By allowing this mass surveillance to occur, the NZ Government is perpetrating the devaluing of our industry.

From an ICT Industry perspective, IP is crucial, the government should be providing protection at our borders, rather than allowing the US, the UK, Australia, and the like carte blanche access to our data.

So how do we deal with this? From an industry perspective, the answer is two-fold. First, we must understand that our government has absolutely no control over the degree of surveillance that the country is subject too. Second, we must accept that the government cannot help us in a global, interconnected, environment where we are choosing to buy services from offshore and onshore.

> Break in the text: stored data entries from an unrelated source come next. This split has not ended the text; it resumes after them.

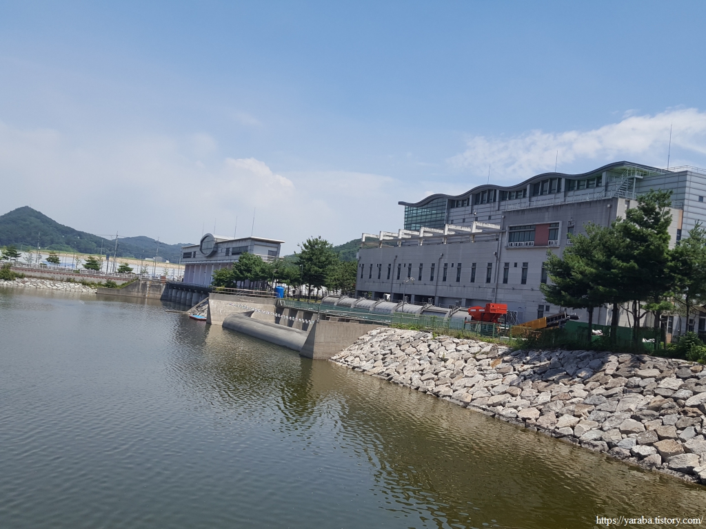 용현 갯골 유수지를 유지하는 수문을 뒤로하고 남항 근린공원의 메타세쿼이아 숲 속에서 잠시 휴식을 취한다. 숲 속에서 돗자리를 깔고 누우니 폭염 속에서도 나름 더위를 벗어나 쉴 수 있었다. 나무가 이렇게 중요한데...... 용현 갯골 유수지는 학익 유수지라고도 부르는데 수로 건너편의 미추홀구와 경계를 이룬다.
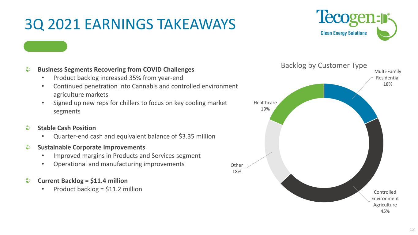 PERFORMANCE BY SEGMENT Product revenue decreased 31% QoQ • All products faced some supply chain constraints • One $1.5m order of chillers was unable to ship in Q3 and will be shipped in Q4 • Product backlog improving with outlook for 1Q and 2Q 22 positive Service revenue declined 31% QoQ • Installation services down 96% QoQ • Service contracts/parts up 6% QoQ • Services Gross Margin increased to 48% Energy Production decreased 14% QoQ Gross Margin 47% 11 3Q Revenue ($ thousands) 2021 2020 YoY Growth Revenue Cogeneration $ 1,446 $ 1,890 -23% Chiller 383 769 -50% Engineered accessories 42 46 -8% Total Product Revenue 1,871 2,705 -31% Service Contracts 2,767 2,612 6% Installation Services 63 1,514 -96% Total Service Revenue 2,830 4,126 -31% Energy Production 315 369 -14% Total Revenue 5,016 7,200 -30% Cost of Sales Products 1,036 1,617 -36% Services 1,467 2,598 -44% Energy Production 171 198 -14% Total Cost of Sales 2,674 4,413 -39% Gross Profit 2,342 2,787 -16% Net income (loss) $ 1,467 $ (232) Gross Margin Products 45% 40% Services 48% 37% Aggregate Products and Services 47% 38% Energy Production 46% 46% Overall 47% 39% QTD Gross Margin 2021 2020 Target Overall 47% 39% >40%
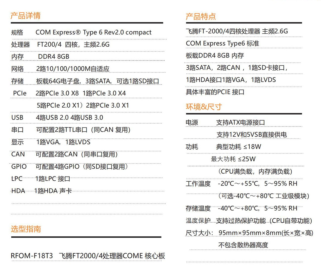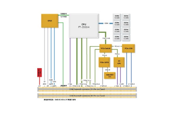 采用FT-2000/4高性能處理器設計 符合COM Express Type6 rev2.0 接口規范設計,板載DDR4 8GB 內存, 64G工業固態電子盤,支持VGA和LVDS雙屏顯示輸出, 是一款國產自主可控集高性能,低功耗,高可靠性于一體的高集成度COME 核心板,可廣泛應用于能源,軌交,國防,科研,通訊等領域。
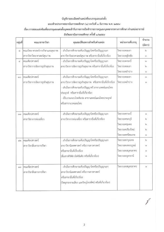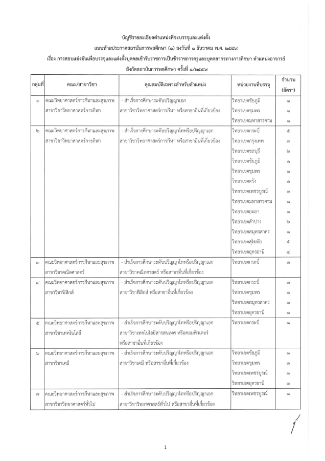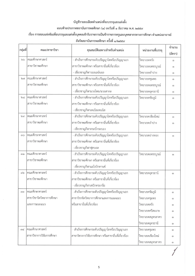 สถาบันการพลศึกษา รับสมัครสอบแข่งขันและแต่งตั้งบุคคลเข้ารับราชการเป็นข้าราชการครูและบุคลากรทางการศึกษา ตำแหน่งอาจารย์ สังกัดสถาบันการพลศึกษา ครั้งที่ 1/2559 จำนวน 166 อัตรา คุณวุฒิ ป.โท (เงินเดือน 17,500 บาท) และป.เอก (เงินเดือน 21,000 บาท)
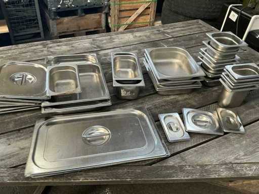 Komplett mit etwa 10 verschiedenen Deckeln, darunter in verschiedenen Größen.

As government agencies and private ICT companies we must hen protect our own data. There are many ways to do this, with some examples being:

  • Encrypt all data for an Cloud or local service where you are the only key holder. Any other method means that someone else ultimately has access to your date.
  • Only protect what is important, if necessary, create a private, offline, encrypted storage area where the most sensitive information is stored.
  • Do not use an telco based or shared service Cloud within New Zealand unless you can encrypt the data and hold the key. Everything else is open, thanks to TICS, PRISM, and the slew of other tools.
  • When using international Cloud services, as well as encryption, consider upgrading to homomorphic encryption and choose the largest providers (Amazon) so you are lost in the crowd.
  • The Department of Internal Affairs (separate from SIS, GCSB, and other spooks) has published a list of security providers that can help you. Consult with them. They are passionate and understand the need to protect IP and our data.
  • Realise that our government (GCSB and SIS) can’t protect you, that they are effectively, a part of the problem. They have no control over this and neither does the Prime Minister. His communications are being hoovered up (with more attention I would have thought) just like the rest of us.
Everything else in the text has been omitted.